8. Remove (or limit) secondary subplots

The fastest route is a straight line — so, if y'all desire to get straight to the resolution, the best style to practise so is to cut out whatever unnecessary plot points that take the reader abroad from the main narrative.

To use a previous example, if Tolstoy had limited Anna Karenina to her involvement with Vronsky, we would accept a much shorter romance, instead of the 800+ pages of Russian society, politics, theology, and philosophy that nosotros did get.

9. Employ cliffhangers

Nothing keeps a reader hooked more than wanting to find out what happens next, which is why cliffhangers are such a popular device. They create a sense of tension and uncertainty that will drive the story forward —  if yous end a affiliate on a loftier note just don't resolve the action, there's little option for the reader than to proceed going.

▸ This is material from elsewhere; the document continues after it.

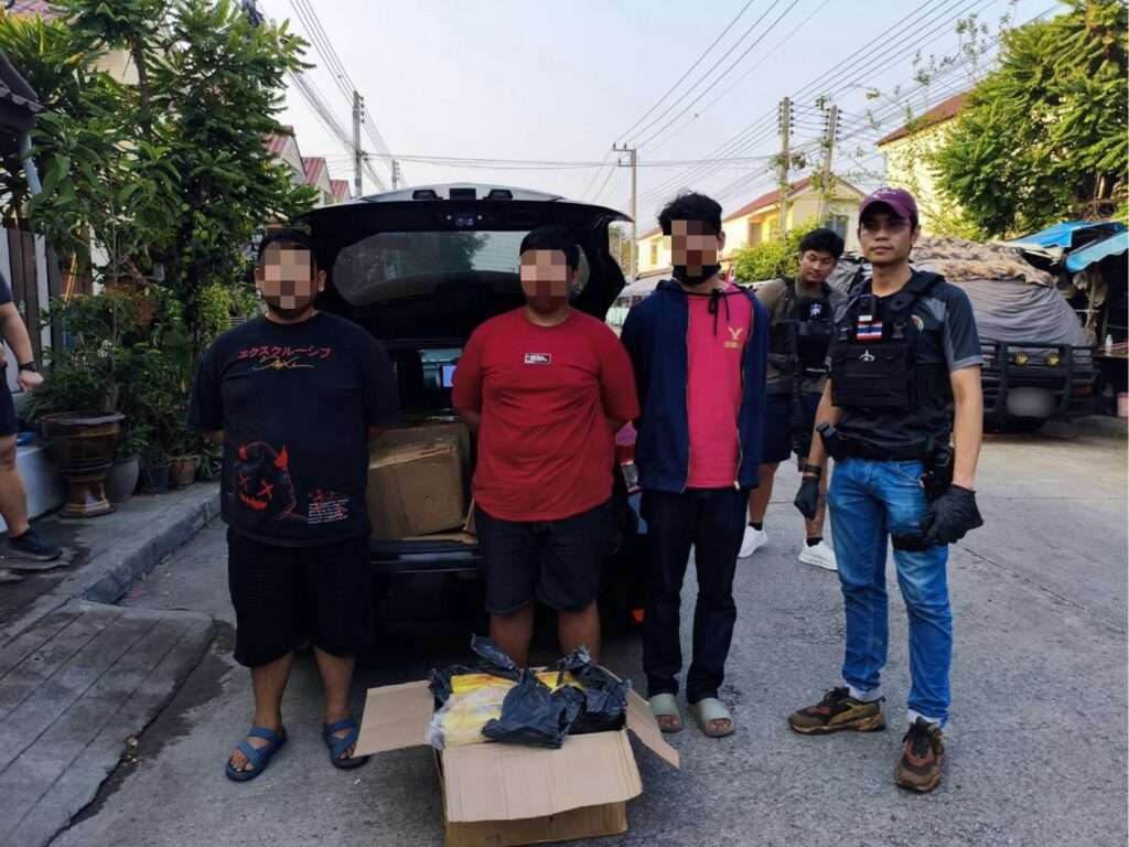 คดีดังกล่าวเหตุเกิด เมื่อวันที่ 23 มีนาคม 2569 ที่ผ่านมา เวลาประมาณ 06.30 น.โดยสามารถจับกุมตรวจยึดได้ที่บริเวณกลางซอยหมู่บ้าน ต.บึงสนั่น อ.ธัญบุรี จ.ปทุมธานีจับกุมผู้ต้องหา จำนวน 3 ราย(1.)นายปูสิทธุ์ สงวนนามสกุล อายุ 27 ปี ผู้ต้องหาที่ 1 (2.)นายประกิจ สงวนนามสกุล อายุ 34 ปี ผู้ต้องหาที่ 2 (3.)นายสุระเดช สงวนนามสกุล อายุ 32 ปี ผู้ต้องหาที่ 3

Permit'due south see how it's used in Harry Potter and the Prisoner of Azkaban:

"What?" Ron said again, holding Scabbers close to him, looking scared. "What'due south my rat got to do with anything?" "That's non a rat," croaked Sirius Black suddenly. "What d'you mean — of form he'due south a rat —" "No, he's not," said Lupin quietly. "He's a magician." "An Animagus,' said Black, 'by the name of Peter Pettigrew."

At this point, we all knew who Peter was and how he had been "murdered" by Sirius Black twelve years prior, just all that was of a sudden changed when this bomb was dropped at the cease of Chapter Seventeen — who could finish reading after that?

Rupert Grint, Emma Watson, and Daniel Radcliffe in Harry Potter and the Prisoner of Azkaban Image: Warner Bros. Pictures

x. Increase the action

A chase. A fight scene. A race against time. Few things increase the pace of a story like a sense of urgency and danger! Even if you are writing a story with a lower pace, exciting plot points are necessary to continue your readers hooked. So, whether it comes from a battle of wits or a fist fight, make sure you lot include some action. (And don't forget to use some splendid verbs to get in popular.)

Here is an example from Miss Peregrine's Abode for Peculiar Children.

"Chaos broke out. Panicked animals ricocheted off one some other, throwing united states confronting the wall and so many times I got lightheaded. The hollow allow out an ear-splitting screech and began to lift sheep to its slavering jaws i after another, taking a blood-spurting bite from each and so tossing information technology bated like a gluttonous king gorging at a medieval banquet."

The children are beingness chased and hunted and their simply choice is to run. They spend the last two chapters of the volume trying to do this, which eventually leads to their escape from Cairnholm Island.

There is no formula for a great story: it tin be either fast or dull depending on how it is told. So, don't be agape to play with your story's pacing and explore different means in which a scene can be slowed down or sped up until you find the right fit. Above all, remember that nailing the step is a matter of balance.


What techniques have you used to modify the pacing of your story? Let us know in the comments beneath!